**What you should do:**
Search the records below for the word "includes". Copy each line where it occurs.

**Records excerpted from a collection:**
::::::::

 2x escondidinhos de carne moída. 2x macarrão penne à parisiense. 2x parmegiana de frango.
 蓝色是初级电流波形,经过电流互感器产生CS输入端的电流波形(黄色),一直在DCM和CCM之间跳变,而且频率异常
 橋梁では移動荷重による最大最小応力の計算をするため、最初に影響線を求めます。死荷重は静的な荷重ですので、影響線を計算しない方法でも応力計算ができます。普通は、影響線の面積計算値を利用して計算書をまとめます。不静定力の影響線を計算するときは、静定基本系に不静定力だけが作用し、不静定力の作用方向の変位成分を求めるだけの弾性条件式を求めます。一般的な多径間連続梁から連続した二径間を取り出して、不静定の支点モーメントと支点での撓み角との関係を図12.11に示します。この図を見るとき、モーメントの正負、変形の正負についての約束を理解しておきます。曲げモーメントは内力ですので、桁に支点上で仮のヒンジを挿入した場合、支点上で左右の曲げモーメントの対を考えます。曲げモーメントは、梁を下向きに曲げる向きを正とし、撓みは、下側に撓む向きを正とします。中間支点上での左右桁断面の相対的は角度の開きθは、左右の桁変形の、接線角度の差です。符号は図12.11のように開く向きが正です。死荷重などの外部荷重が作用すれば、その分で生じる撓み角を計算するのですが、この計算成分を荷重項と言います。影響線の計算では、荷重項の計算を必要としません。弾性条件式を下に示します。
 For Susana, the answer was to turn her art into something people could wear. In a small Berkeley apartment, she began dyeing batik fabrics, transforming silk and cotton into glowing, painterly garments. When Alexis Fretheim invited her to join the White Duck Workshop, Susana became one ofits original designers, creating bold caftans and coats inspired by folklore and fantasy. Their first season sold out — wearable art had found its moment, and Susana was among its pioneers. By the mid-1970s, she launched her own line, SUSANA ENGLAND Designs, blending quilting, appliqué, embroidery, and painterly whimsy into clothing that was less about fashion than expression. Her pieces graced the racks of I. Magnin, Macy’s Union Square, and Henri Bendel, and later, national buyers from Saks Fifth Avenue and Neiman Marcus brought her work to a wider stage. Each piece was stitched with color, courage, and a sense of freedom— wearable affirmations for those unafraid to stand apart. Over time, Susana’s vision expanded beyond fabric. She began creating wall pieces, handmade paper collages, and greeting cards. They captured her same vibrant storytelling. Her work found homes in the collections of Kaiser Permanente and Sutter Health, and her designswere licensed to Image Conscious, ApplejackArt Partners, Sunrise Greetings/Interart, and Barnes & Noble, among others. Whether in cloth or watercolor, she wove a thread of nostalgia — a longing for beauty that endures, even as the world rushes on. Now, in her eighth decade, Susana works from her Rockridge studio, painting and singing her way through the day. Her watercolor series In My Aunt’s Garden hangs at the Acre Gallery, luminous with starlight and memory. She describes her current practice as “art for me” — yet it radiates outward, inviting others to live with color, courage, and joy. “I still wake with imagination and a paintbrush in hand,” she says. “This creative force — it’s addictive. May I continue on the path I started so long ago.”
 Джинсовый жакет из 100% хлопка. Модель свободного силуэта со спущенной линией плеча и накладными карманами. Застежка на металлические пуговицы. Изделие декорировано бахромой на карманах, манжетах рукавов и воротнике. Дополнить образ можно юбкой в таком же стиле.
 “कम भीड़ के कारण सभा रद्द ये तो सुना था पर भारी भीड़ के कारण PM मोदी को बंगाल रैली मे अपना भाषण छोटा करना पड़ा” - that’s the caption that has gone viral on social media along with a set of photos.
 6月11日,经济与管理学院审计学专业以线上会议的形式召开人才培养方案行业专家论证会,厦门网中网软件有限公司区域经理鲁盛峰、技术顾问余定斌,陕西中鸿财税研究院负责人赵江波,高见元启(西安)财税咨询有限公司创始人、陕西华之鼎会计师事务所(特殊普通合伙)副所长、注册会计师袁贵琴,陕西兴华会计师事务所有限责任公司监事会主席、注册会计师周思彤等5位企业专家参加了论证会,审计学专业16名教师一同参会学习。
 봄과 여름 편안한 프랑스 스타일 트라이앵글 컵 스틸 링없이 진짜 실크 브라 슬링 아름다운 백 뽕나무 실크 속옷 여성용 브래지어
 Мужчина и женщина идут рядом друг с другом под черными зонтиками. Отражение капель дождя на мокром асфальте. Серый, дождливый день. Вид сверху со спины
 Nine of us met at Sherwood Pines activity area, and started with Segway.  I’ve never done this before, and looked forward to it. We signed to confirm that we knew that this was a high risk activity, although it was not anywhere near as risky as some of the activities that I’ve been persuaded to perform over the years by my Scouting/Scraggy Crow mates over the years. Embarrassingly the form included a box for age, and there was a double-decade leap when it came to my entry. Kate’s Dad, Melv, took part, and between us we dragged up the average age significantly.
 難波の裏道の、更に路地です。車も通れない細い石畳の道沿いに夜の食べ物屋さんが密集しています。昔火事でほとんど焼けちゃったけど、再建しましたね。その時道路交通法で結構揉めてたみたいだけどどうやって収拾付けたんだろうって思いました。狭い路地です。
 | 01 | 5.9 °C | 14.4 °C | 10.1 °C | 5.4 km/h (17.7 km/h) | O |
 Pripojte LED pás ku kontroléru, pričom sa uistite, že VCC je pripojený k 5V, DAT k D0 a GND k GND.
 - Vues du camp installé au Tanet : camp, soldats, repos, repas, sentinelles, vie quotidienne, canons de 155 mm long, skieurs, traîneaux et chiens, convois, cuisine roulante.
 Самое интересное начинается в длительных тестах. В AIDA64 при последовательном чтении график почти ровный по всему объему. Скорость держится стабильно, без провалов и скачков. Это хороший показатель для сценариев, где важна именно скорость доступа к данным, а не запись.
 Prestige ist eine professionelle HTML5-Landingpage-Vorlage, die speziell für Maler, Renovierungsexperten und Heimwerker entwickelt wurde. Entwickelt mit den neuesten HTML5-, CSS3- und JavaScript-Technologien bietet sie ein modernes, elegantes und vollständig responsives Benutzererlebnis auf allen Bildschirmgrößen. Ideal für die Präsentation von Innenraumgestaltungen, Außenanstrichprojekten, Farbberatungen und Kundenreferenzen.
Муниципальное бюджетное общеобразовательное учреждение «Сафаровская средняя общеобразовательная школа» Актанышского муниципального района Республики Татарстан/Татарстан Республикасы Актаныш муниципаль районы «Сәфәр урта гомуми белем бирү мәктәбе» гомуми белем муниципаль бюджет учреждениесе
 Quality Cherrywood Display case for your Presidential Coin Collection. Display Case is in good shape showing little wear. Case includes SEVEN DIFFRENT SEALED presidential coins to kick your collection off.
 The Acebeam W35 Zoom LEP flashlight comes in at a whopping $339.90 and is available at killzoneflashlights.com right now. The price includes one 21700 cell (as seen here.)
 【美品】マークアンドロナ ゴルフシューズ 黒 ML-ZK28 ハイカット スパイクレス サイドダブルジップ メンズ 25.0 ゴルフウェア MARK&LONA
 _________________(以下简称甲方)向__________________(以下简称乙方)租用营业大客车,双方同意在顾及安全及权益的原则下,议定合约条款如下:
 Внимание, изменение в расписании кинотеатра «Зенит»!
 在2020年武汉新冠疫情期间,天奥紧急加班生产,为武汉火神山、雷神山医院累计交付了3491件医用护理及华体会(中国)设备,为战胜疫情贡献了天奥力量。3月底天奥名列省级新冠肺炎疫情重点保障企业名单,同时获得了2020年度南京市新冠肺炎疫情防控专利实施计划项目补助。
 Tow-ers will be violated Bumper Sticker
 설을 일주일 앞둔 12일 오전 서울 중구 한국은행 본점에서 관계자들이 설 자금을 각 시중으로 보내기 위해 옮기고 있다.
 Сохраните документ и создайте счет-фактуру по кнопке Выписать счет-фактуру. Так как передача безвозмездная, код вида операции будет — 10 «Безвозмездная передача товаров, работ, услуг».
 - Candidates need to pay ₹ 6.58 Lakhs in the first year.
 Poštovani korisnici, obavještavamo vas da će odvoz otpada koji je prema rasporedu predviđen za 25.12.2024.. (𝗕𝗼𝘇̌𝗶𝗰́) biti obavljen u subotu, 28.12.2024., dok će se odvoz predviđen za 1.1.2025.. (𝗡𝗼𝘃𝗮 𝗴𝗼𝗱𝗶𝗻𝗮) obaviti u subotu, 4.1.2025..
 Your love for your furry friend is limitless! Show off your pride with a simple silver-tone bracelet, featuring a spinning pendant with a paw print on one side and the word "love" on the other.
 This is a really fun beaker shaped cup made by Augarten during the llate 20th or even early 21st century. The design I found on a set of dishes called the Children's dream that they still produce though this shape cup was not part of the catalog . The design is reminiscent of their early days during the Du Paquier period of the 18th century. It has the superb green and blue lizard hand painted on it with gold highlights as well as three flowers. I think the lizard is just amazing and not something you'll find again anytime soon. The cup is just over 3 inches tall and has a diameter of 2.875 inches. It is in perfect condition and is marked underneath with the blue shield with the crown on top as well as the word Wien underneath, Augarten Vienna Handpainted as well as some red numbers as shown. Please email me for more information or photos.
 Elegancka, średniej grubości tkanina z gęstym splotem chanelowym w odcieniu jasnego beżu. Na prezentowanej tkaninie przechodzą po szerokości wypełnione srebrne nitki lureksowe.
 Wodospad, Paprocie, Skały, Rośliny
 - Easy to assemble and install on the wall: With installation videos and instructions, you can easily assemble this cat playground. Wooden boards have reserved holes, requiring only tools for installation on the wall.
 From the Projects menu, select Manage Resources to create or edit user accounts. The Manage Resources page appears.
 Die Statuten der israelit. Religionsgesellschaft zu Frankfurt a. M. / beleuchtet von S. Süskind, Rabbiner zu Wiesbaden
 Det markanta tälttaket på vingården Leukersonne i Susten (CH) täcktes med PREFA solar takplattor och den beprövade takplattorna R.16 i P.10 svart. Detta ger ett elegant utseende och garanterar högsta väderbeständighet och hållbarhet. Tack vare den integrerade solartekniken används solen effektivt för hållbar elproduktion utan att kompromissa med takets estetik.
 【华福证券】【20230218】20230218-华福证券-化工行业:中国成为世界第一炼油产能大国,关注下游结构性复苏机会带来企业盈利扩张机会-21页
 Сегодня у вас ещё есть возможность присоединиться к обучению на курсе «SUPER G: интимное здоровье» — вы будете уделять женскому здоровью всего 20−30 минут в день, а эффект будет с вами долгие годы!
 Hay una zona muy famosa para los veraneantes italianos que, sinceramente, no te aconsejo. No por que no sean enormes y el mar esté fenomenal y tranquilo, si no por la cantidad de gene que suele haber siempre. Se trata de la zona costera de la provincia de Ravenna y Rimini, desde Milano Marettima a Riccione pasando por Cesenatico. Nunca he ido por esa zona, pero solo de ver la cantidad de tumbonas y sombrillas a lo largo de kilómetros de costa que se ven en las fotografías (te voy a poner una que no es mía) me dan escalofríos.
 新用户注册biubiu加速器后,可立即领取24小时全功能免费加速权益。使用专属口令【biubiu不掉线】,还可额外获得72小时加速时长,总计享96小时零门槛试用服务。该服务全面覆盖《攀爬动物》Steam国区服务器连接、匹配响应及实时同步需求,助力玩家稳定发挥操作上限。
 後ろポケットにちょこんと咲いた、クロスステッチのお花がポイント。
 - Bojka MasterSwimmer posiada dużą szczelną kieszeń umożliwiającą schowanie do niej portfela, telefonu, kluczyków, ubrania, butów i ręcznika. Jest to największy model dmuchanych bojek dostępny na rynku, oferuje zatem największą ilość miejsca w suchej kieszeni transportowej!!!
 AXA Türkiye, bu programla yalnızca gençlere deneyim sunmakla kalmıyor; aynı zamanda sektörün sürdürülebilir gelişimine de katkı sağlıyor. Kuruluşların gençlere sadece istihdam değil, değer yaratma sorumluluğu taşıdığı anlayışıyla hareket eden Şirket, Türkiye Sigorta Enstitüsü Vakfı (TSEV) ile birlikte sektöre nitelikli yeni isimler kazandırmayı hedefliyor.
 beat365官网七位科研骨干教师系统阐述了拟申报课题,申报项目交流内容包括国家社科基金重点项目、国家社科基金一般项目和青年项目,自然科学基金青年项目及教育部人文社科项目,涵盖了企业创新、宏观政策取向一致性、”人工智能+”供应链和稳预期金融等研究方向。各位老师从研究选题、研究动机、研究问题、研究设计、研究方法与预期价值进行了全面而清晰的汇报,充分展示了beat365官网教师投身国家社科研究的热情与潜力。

::::::::

**Exercise output:**
 Quality Cherrywood Display case for your Presidential Coin Collection. Display Case is in good shape showing little wear. Case includes SEVEN DIFFRENT SEALED presidential coins to kick your collection off.
 The Acebeam W35 Zoom LEP flashlight comes in at a whopping $339.90 and is available at killzoneflashlights.com right now. The price includes one 21700 cell (as seen here.)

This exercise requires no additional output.